Побледнев, она развернулась к Северине, чтобы посмотреть на нее:
— У тебя все в двух экземплярах: и любовь, и записочки!
Северина возмутилась:
— Да я тебе клянусь, что не писала этого!
— Рассказывай!
— Я клянусь тебе, Ксавьера, здоровьем моих детей!
Ксавьера, остановившись перед такой горячностью, приняла ее уверения, тем более что в памяти у нее всплыли кое-какие детали. Кажется, она еще где-то видела такую желтую записку. Она сосредоточилась и вспомнила сразу две вещи: как Квентин Дантремон вытащил похожую бумажку, перед тем как нацарапал фразу, прилагавшуюся к той розе; и этот учитель философии, Том, как бишь его там, рассматривал такую записку, пока шел через площадь и проходил мимо ее лавки.
Она хотела было поделиться своими открытиями с Севериной, но сообразила, что у нее нет ни секунды.
Через десять минут Ксавьера уже была у своего гинеколога, доктора Плассара, окна которого выходили на авеню Лепутр, тенистую улицу, засаженную каштанами.
— Здравствуйте, Ксавьера, вы перезаписались на более раннюю дату — мы должны были увидеться через шесть месяцев. Что-то случилось?
— Обычное дело: у меня менопауза.
— Ну, в вашем возрасте это вполне возможно.
— У меня прекратились месячные, иногда я чувствую себя ужасно усталой и еще… как бы это сказать… соски очень чувствительные.
— Да, обычные симптомы. С мочеиспусканием трудности есть?
— Нет, все в порядке! А что, и такое бывает?
— Давайте я вас посмотрю.
В следующие пятнадцать минут она решила отстраниться от собственного тела как можно дальше; безразлично, с отсутствующим видом она дожидалась, пока врач не произведет осмотр и не возьмет все анализы, какие считает нужным.

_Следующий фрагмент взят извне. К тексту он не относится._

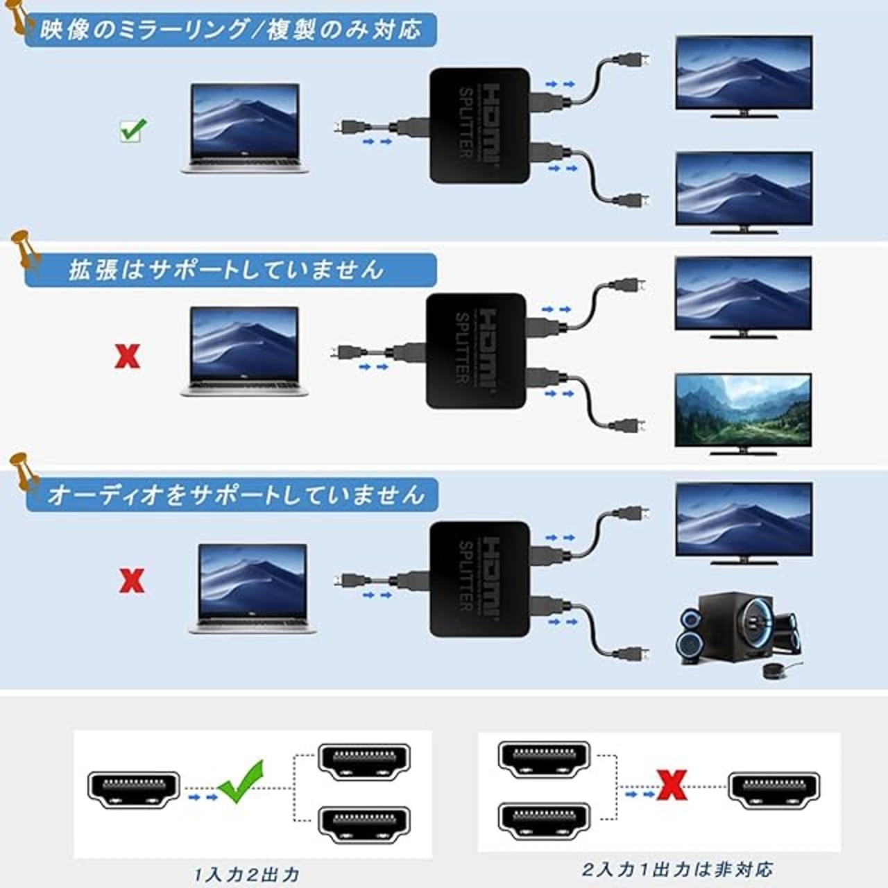 【パッケージ内容・品質】HDMI分配器は手のひらサイズで安定感のある平置き型設計を採⽤し、スペースも取らなくデュアルディスプレイを実現します。パッケージ内容:HDMI分配器本体×1、1.5M HDMI2.0ケーブル×1、USB電源ケーブル×1、日本語取扱説明書×1。12ヶ月の日本国内安心が付いているので、ご質問があった場合、又は万が一商品に不具合が生じた場合があるなら、カスタマーサービスまでご連絡を頂けると商品交換や返金対応いたします。いつでもお気軽にお問い合わせください。必ず最善を尽くし、サービスを対応致します。
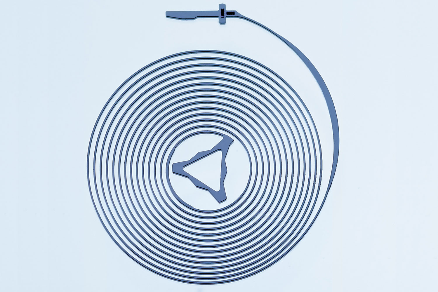 Because the new Patek end curve lies within the swing plane of the Spiromax hairspring, it is three times flatter than a hairspring with a bent-up end curve. For comparison, a conventional INVAR spiral with Phillips end curve is approximately 0.40 mm high. A conventional INVAR flat spiral is approximately 0.30 mm and the Spiromax spiral is only 0.12 mm.
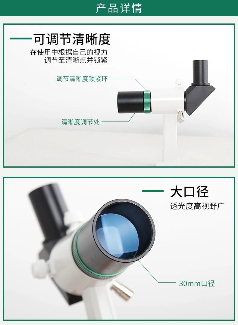 Особенности: Зеленое металлическое кольцо может регулировать четкость; Включает точную калибровку Перекрестия; И окуляр, и линза объектива имеют многослойное покрытие для более четкого изображения;

Когда он попросил ее одеться и несколько минут подождать, она устроилась в кресле в приемной и задремала.
Вскоре доктор Плассар разбудил ее, пригласил снова зайти в кабинет и предложил сесть.
— Ксавьера, это не менопауза.
— А что же?
— Вы беременны.
— Так что, ты сегодня не получал желтого конверта?
— Нет, а ты?
— Я тоже.
Том держал в одной руке свою почту, а в другой — круассаны, которые принес к завтраку, горячие, золотистые и хрустящие. Хотя он провел ночь у Натана, он сделал небольшой крюк: зашел в булочную, а потом в свою квартирку, надеясь, что его там ждет еще одно анонимное письмо.
— Нет, сегодня мы не выясним правду, — вздохнул Натан.
— Увы…
Их обоих очень заинтересовали эти загадочные события. Как только им удалось убедить друг друга, что ни один из них не писал этой записки «Просто знай, что я тебя люблю. Подпись: ты угадаешь кто», они стали доискиваться, кто же стоит за этой историей. Эта тайна распаляла их воображение, вызывала бесконечные споры; с того дня они уже не расставались.
Натан забрал у Тома круассаны и накрыл на стол: фарфор блистал всеми цветами радуги.
— Не знаю, кто написал эти записки, но я заметил один важный результат этой истории: ты теперь не уходишь отсюда.